## Work to be completed
Repeat the data that follows exactly, starting at the line with "俄罗斯U型钢价格行情(德黑兰出库价,含税)" and ending at the line with "本文世家大族风采,古代关于家庭礼仪的故事到此分享完毕,希望对大家有所帮助。", and leave out every picture.

## Extracted records

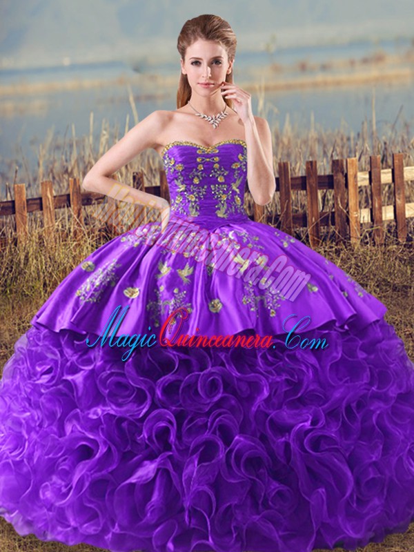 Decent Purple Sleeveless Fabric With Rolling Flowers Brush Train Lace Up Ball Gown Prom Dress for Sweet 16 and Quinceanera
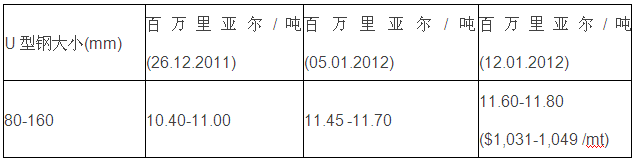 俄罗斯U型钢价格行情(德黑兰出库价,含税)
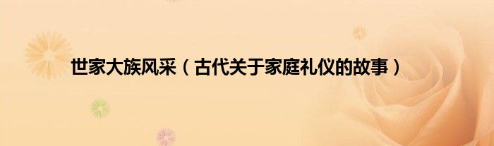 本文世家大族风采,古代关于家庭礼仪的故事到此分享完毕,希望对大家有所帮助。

* * *

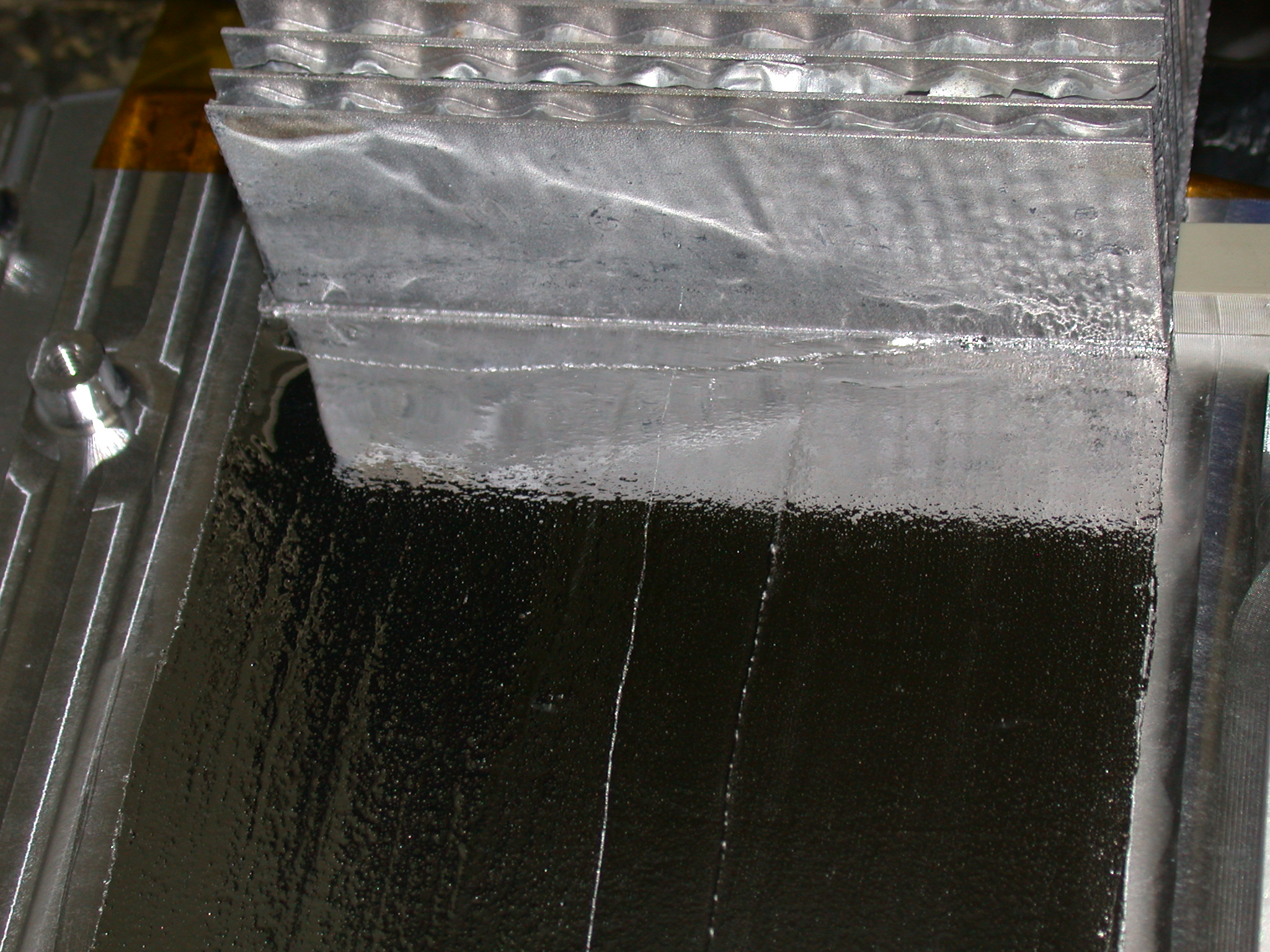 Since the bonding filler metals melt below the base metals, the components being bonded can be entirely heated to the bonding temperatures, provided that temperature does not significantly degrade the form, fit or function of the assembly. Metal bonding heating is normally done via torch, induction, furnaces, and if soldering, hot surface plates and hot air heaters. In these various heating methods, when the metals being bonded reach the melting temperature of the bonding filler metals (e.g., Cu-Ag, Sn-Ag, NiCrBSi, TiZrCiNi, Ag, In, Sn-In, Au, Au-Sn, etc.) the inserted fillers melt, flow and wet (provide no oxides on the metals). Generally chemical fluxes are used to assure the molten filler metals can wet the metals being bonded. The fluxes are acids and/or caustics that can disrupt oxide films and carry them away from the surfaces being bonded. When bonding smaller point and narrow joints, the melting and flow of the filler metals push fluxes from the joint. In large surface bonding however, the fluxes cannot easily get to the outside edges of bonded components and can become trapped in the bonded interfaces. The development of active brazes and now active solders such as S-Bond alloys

* * *

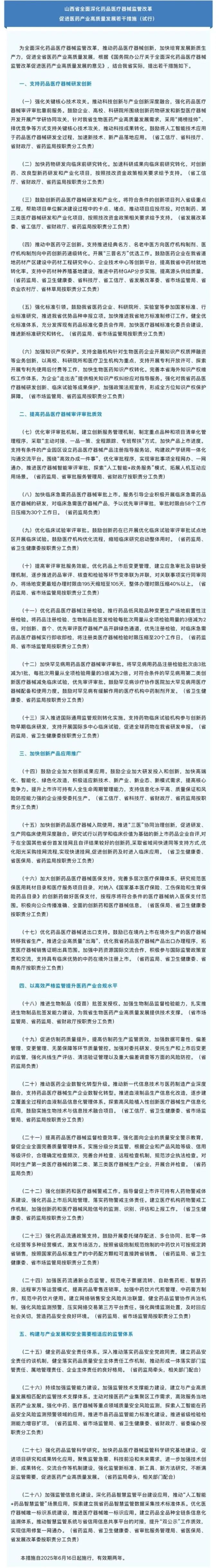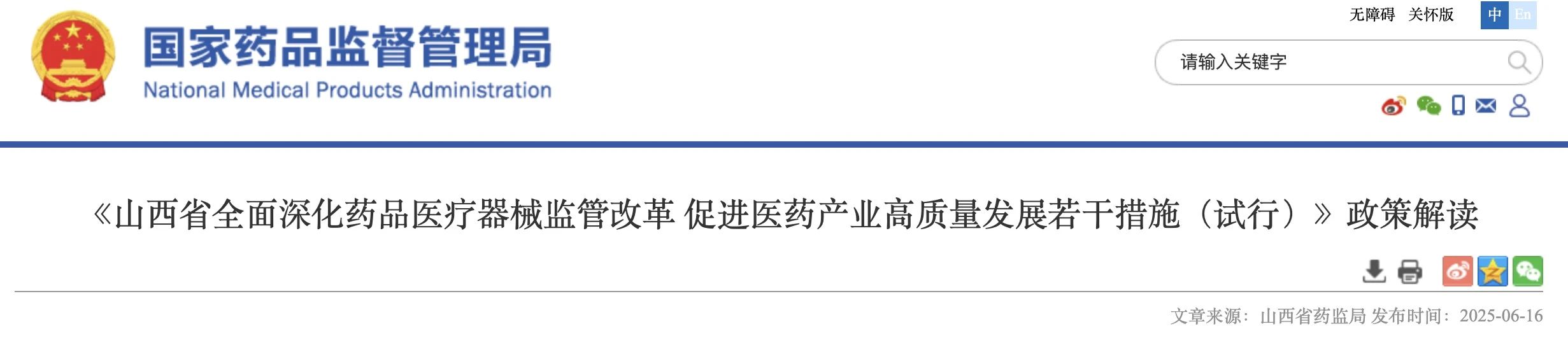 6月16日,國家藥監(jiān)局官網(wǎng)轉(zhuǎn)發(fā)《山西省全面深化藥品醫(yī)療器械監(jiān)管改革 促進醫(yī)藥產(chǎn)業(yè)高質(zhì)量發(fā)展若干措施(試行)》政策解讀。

## Response area
 俄罗斯U型钢价格行情(德黑兰出库价,含税)
 本文世家大族风采,古代关于家庭礼仪的故事到此分享完毕,希望对大家有所帮助。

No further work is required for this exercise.